Carbon monoxide pollution and neurodevelopment: A public health concern

Abstract

Although an association between air pollution and adverse systemic health effects has been known for years, the effect of pollutants on neurodevelopment has been underappreciated. Recent evidence suggests a possible link between air pollution and neurocognitive impairment and behavioral disorders in children, however, the exact nature of this relationship remains poorly understood. Infants and children are uniquely vulnerable due to the potential for exposure in both the fetal and postnatal environments during critical periods in development. Carbon monoxide (CO), a common component of indoor and outdoor air pollution, can cross the placenta to gain access to the fetal circulation and the developing brain. Thus, CO is of particular interest as a known neurotoxin and a potential public health threat. Here we review overt CO toxicity and the policies regulating CO exposure, detail the evidence suggesting a potential link between CO-associated ambient air pollution, tobacco smoke, and learning and behavioral abnormalities in children, describe the effects of subclinical CO exposure on the brain during development, and provide mechanistic insight into a potential connection between CO exposure and neurodevelopmental outcome. CO can disrupt a number of critical processes in the developing brain, providing a better understanding of how this specific neurotoxin may impair neurodevelopment. However, further investigation is needed to better define the effects of perinatal CO exposure on the immature brain. Current policies regarding CO standards were established based on evidence of cardiovascular risk in adults with pre-existing comorbidities. Thus, recent and emerging data highlighted in this review regarding CO exposure in the fetus and developing child may be important to consider when the standards and guidelines are evaluated and revised in the future.

Keywords: Air pollution; Autism; Brain; Carbon monoxide; Development; Toxicity.

Figure 1. Diffusion of carbon monoxide (CO) into tissue is dictated by the Haldane equation (Bissonnette, 1977a; Jain, 2009)

Following formation of carboxyhemoglobin (COHb), CO diffuses from the capillaries into the tissue compartments. Tissue tension of CO (pCO) is determined by COHb concentration, partial pressure of oxygen (pO₂), the affinity of hemoglobin for CO (M), and the concentration of oxyhemoglobin (O₂Hb). The Haldane equation also dictates transplacental CO diffusion.

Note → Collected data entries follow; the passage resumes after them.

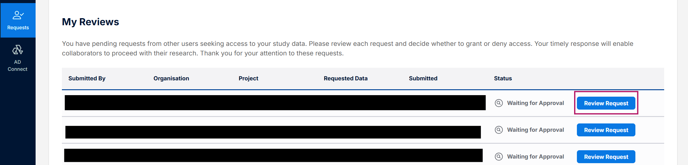 Scroll down to My Reviews to see the Data Access Requests that have been submitted for your dataset. Click on Review Request to open the Data Access Request in full and to review details.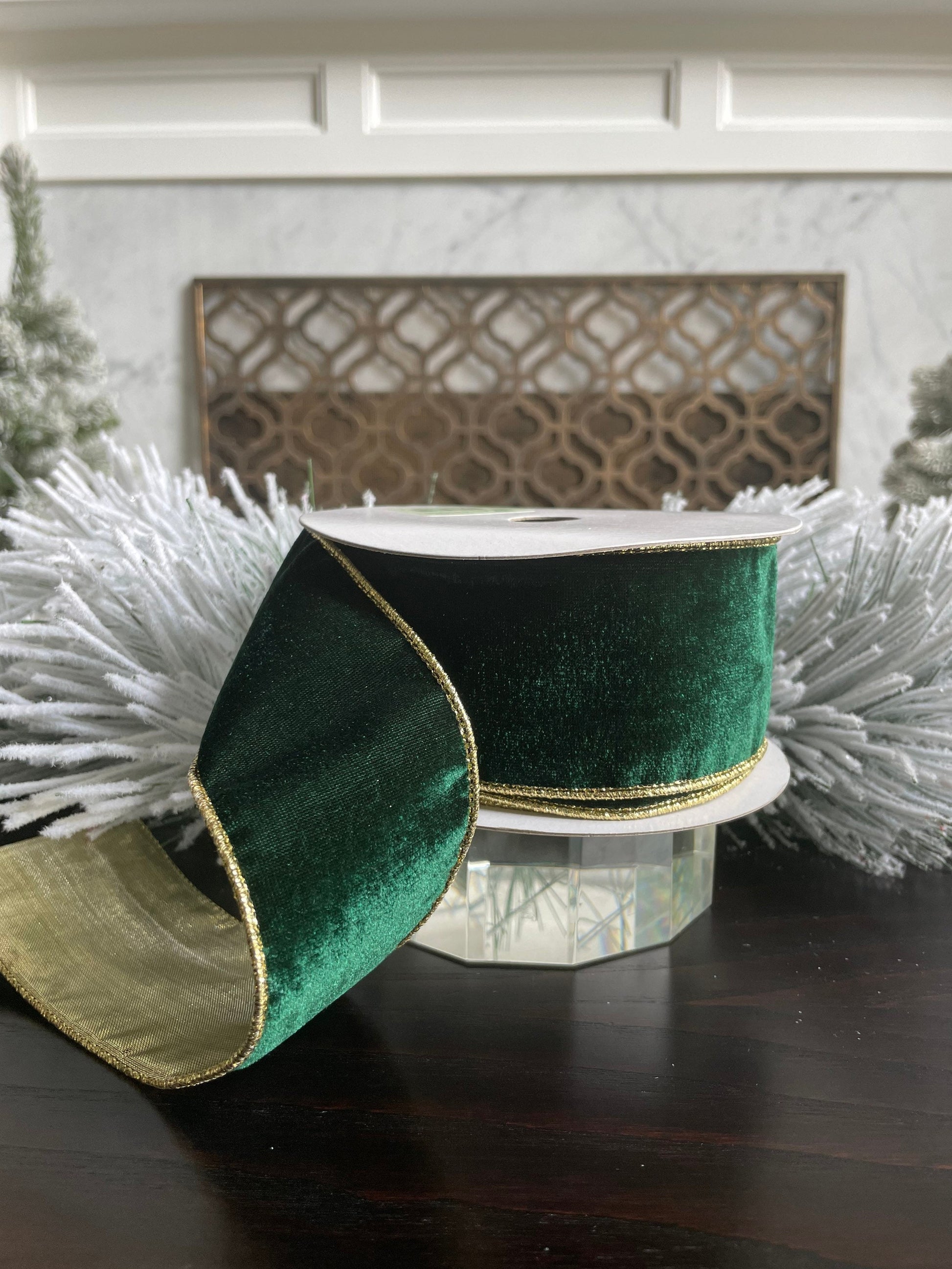 velvet emerald ribbon with gold back. Emerald and gold. 2.5”x 10 yards. Wired.*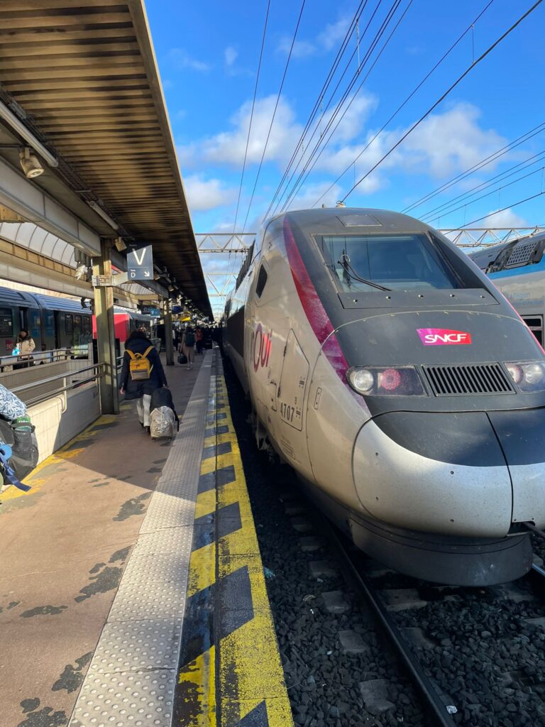 Ce matin, une partie des 4èmes et 3èmes germanistes sont partis à Francfort-sur-le-Main (Allemagne). Ils ont pris un premier train (Givors-Lyon) puis le TGV (Lyon-Francfort).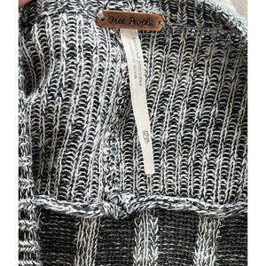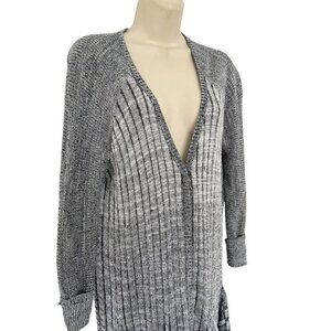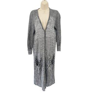 Free People Womans Sz XS Gray Ribbed Shadow Stripe Long Duster Cardigan Sweater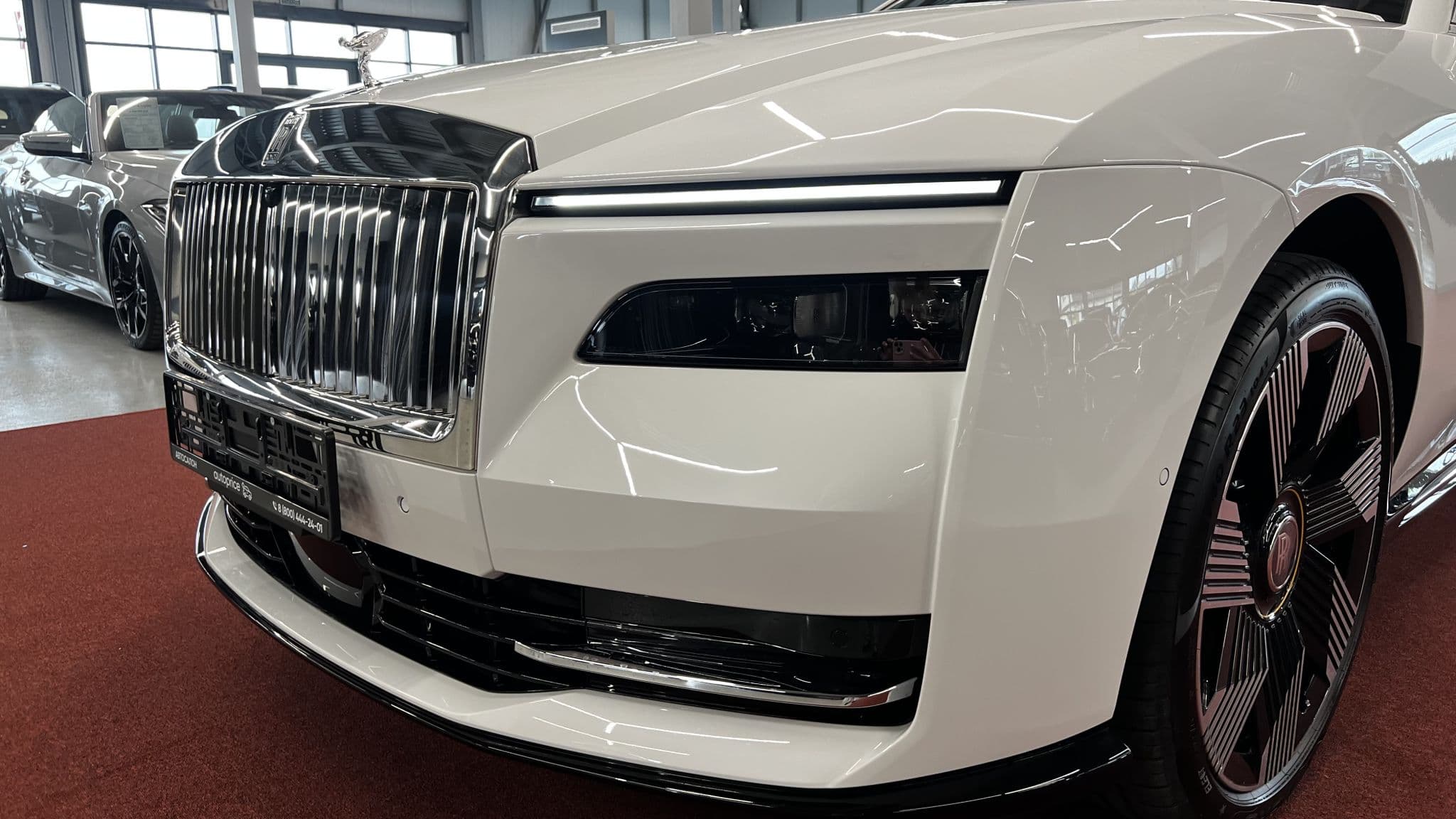 Особое внимание уделено деталям: светодиодные фары с фирменным «глазом ангела», скрытые ручки дверей, плавные переходы кузовных панелей и, конечно, знаменитая статуэтка «Дух экстаза» на капоте, теперь также оснащённая подсветкой. Каждый элемент дизайна продуман до мельчайших нюансов, чтобы подчеркнуть уникальность и индивидуальность владельца.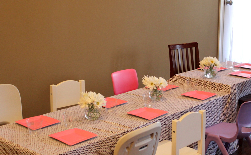 I set up on big kids sized table for the girls so that they could all sit together while they ate. I have a few IKEA Lack tables in the playroom, so I pushed them together with another kids sized table that I had to create one long, rectangular table. I needed a table cloth big enough so I went to the fabric store and picked an adorable printed fabric. I had them cut how much I needed to cover all four tables. (I won’t tell you how much I accidently spent on said fabric after the store wouldn’t take my coupon, but no worries. I just told Mike I would make a pair of palazzo pants out of the fabric so it wouldn’t be a total waste. If anyone wants a pair of palazzo pants, let me know, haha!)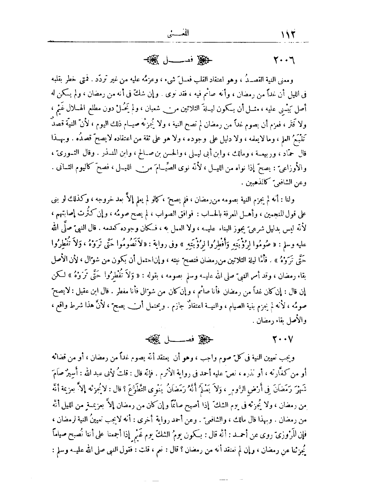 فَصْلٌ: وَمَعْنَى النِّيَّةِ الْقَصْدُ، وَهُوَ اعْتِقَادُ الْقَلْبِ فِعْلَ شَيْءٍ، وَعَزْمُهُ عَلَيْهِ، مِنْ غَيْرِ تَرَدُّدٍ، فَمَتَى خَطَرَ بِقَلْبِهِ فِي اللَّيْلِ أَنَّ غَدًا مِنْ رَمَضَانَ، وَأَنَّهُ صَائِمٌ فِيهِ، فَقَدْ نَوَى. وَإِنْ شَكَّ فِي أَنَّهُ مِنْ رَمَضَانَ وَلَمْ يَكُنْ لَهُ أَصْلٌ يَبْنِي عَلَيْهِ، مِثْلُ أَنْ يَكُونَ لَيْلَةَ الثَّلَاثِينَ مِنْ شَعْبَانَ، وَلَمْ يَحُلْ دُونَ مَطْلَعِ الْهِلَالِ غَيْمٌ وَلَا قَتَرٌ، فَعَزَمَ أَنْ يَصُومَ غَدًا مِنْ رَمَضَانَ، لَمْ تَصِحّ النِّيَّةُ، وَلَا يُجْزِئُهُ صِيَامُ ذَلِكَ الْيَوْمِ، لِأَنَّ النِّيَّةَ قَصْدٌ تَتْبَعُ الْعِلْمَ، وَمَا لَا يَعْلَمُهُ وَلَا دَلِيلَ عَلَى وُجُودِهِ وَلَا هُوَ عَلَى ثِقَةٍ مِنْ اعْتِقَادِهِ لَا يَصِحُّ قَصْدُهُ. وَبِهَذَا قَالَ حَمَّادٌ، وَرَبِيعَةُ، وَمَالِكٌ، وَابْنُ أَبِي لَيْلَى، وَالْحَسَنُ بْنُ صَالِحٍ، وَابْنُ الْمُنْذِرِ.
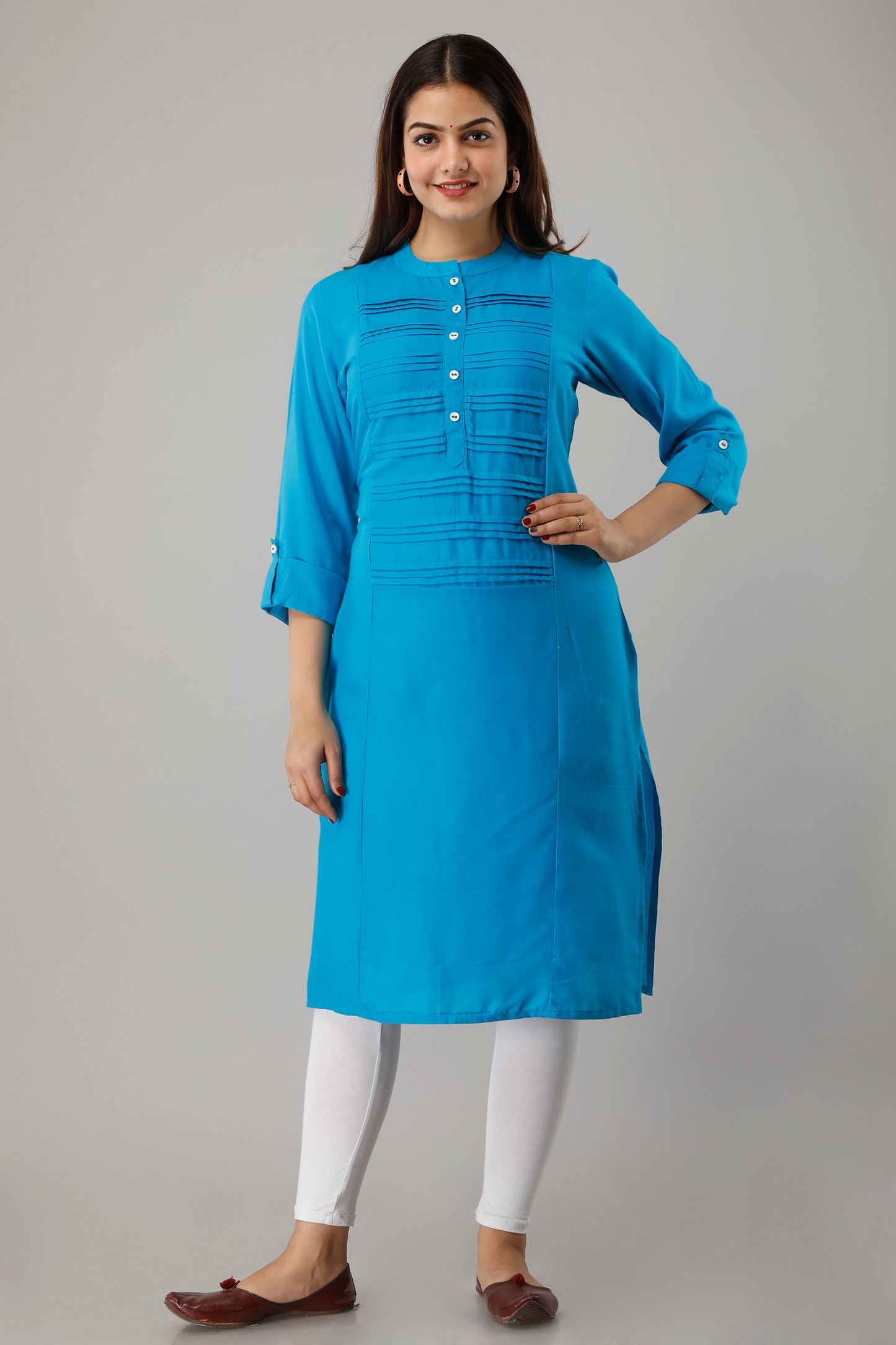 Aqua Blue Cotton Ethnic Print Smocked Top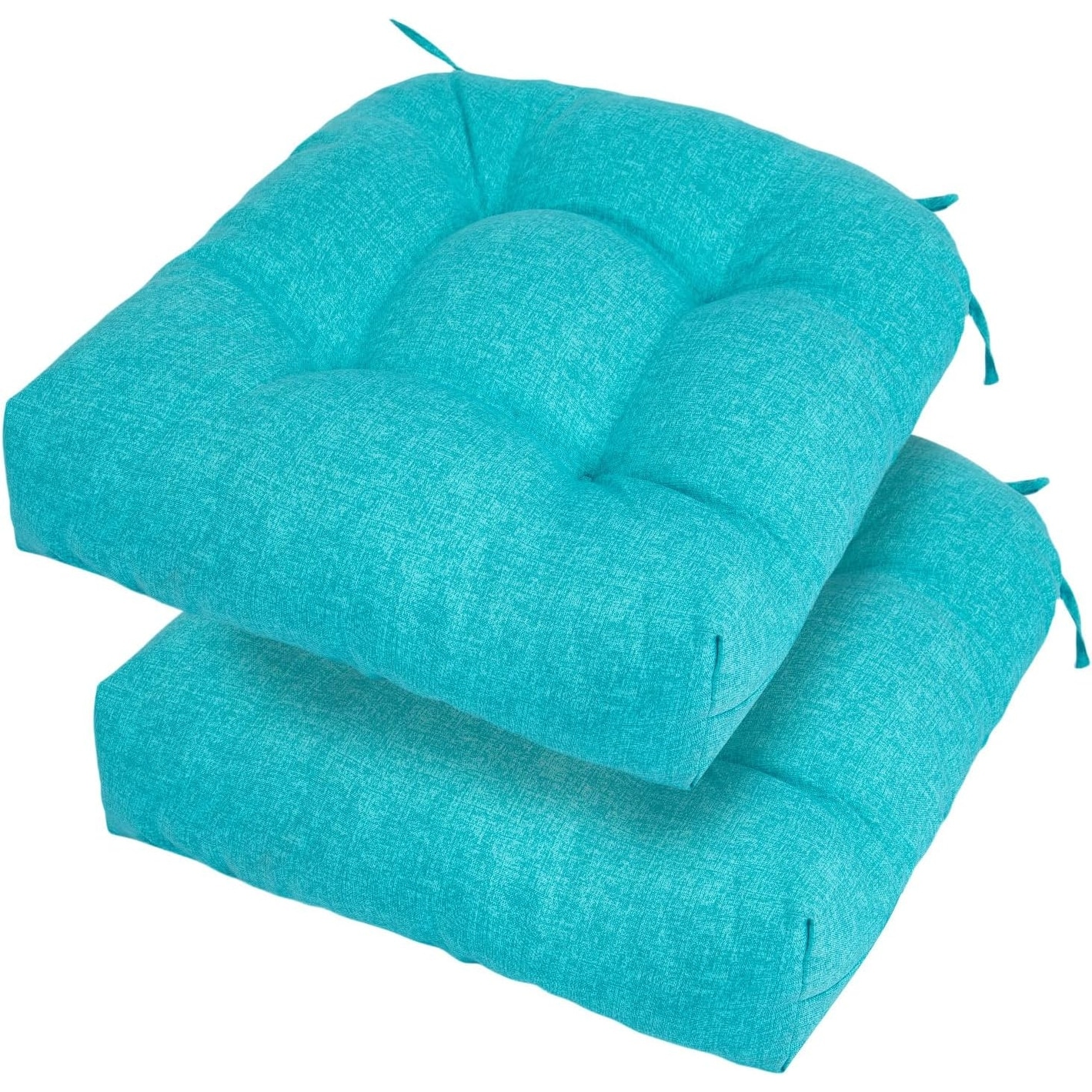 Set of 2 Water Repellent Tufted Outdoor Chair Cushions, 19x19x5 Inch, Aqua Blue, for Patio, Rocking, and Camping Chairs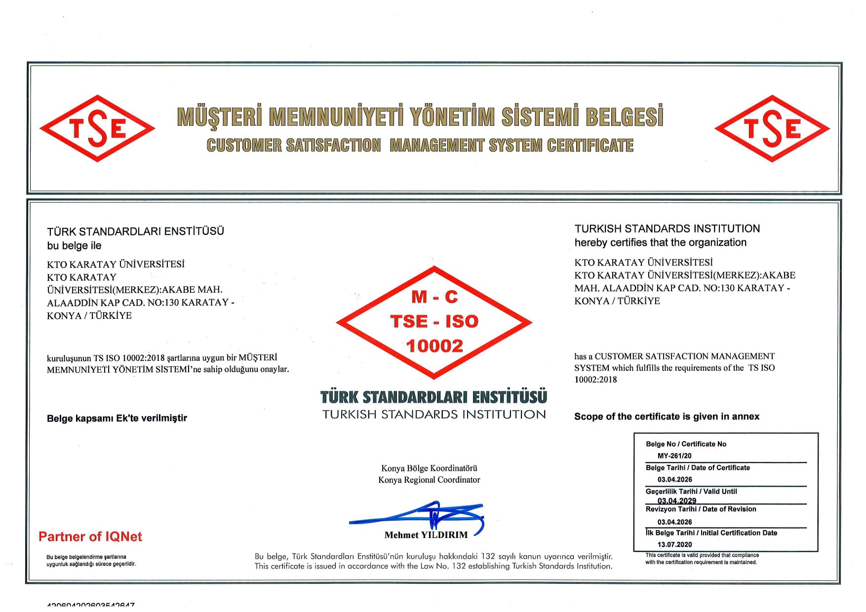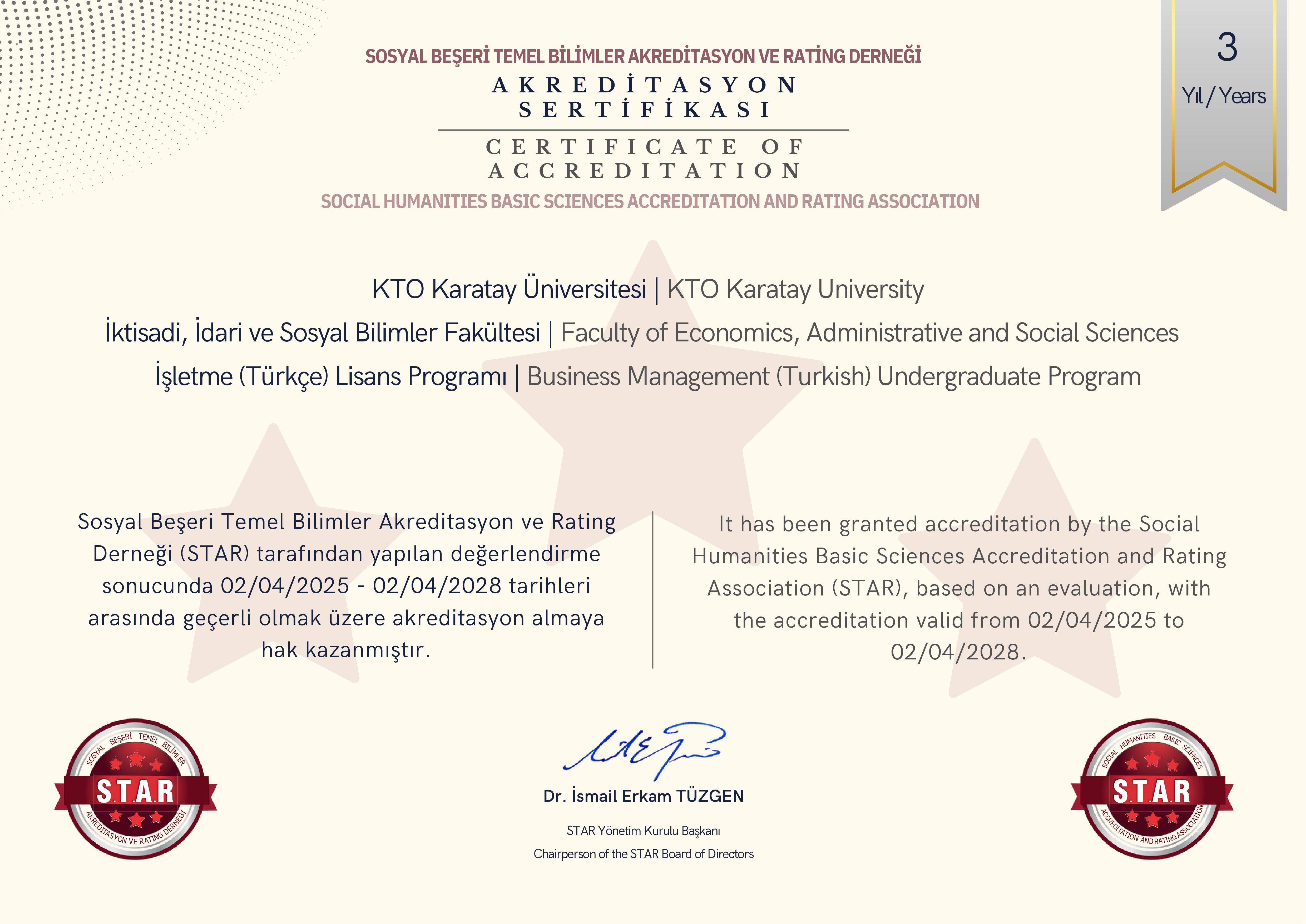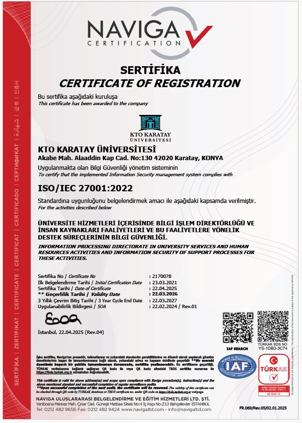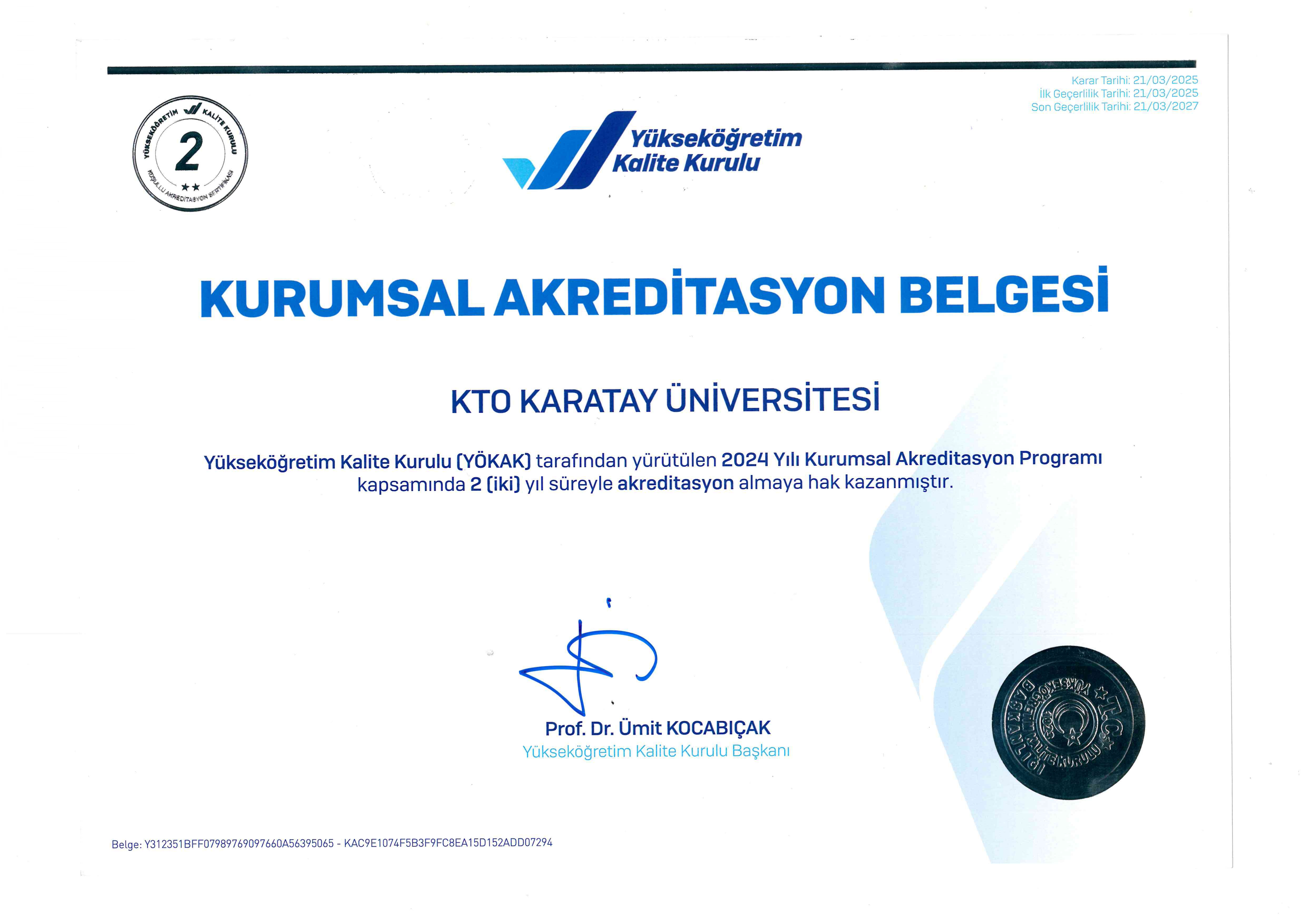 KTO Karatay Üniversitesi Kurumsal Akreditasyon Belgesi

Figure 2. Developmental processes in the brain impaired by carbon monoxide (CO)

Animal models have demonstrated that perinatal subclinical CO exposure interrupts many of the processes that are critical for normal brain development. Inhibition due to prenatal or postnatal CO exposure is indicated. Specific mechanisms remain largely unknown and are likely not due to tissue hypoxia.

Figure 3. Mechanism of carbon monoxide (CO)-mediated inhibition of developmental apoptosis

The mitochondrial pathway of apoptosis is depicted. Cytochrome c (cyt c), can bind to cardiolipin (CL) on the inner mitochondrial membrane via hydrophobic and electrostatic interactions. Cyt c has peroxidase activity and, in the presence of hydrogen peroxide (H₂O₂), peroxidizes CL to hydroperoxycardiolipin (CL-OOH). This mobilizes cyt c from the inner mitochondrial membrane and allows cyt c to be released following permeabilization of the outer mitochondrial membrane by Bax. Subsequently, cyt c forms the apoptosome along with procaspase-9 and APAF-1. Caspase-9 then becomes activated and, in turn, activates caspase-3, resulting in apoptosis. CO readily diffuses across the outer mitochondrial membrane and binds to the cyt c-CL complex. CO inhibits the peroxidase activity of cyt c, preventing CL peroxidation, cyt c mobilization, cyt c release, and subsequent caspase activation.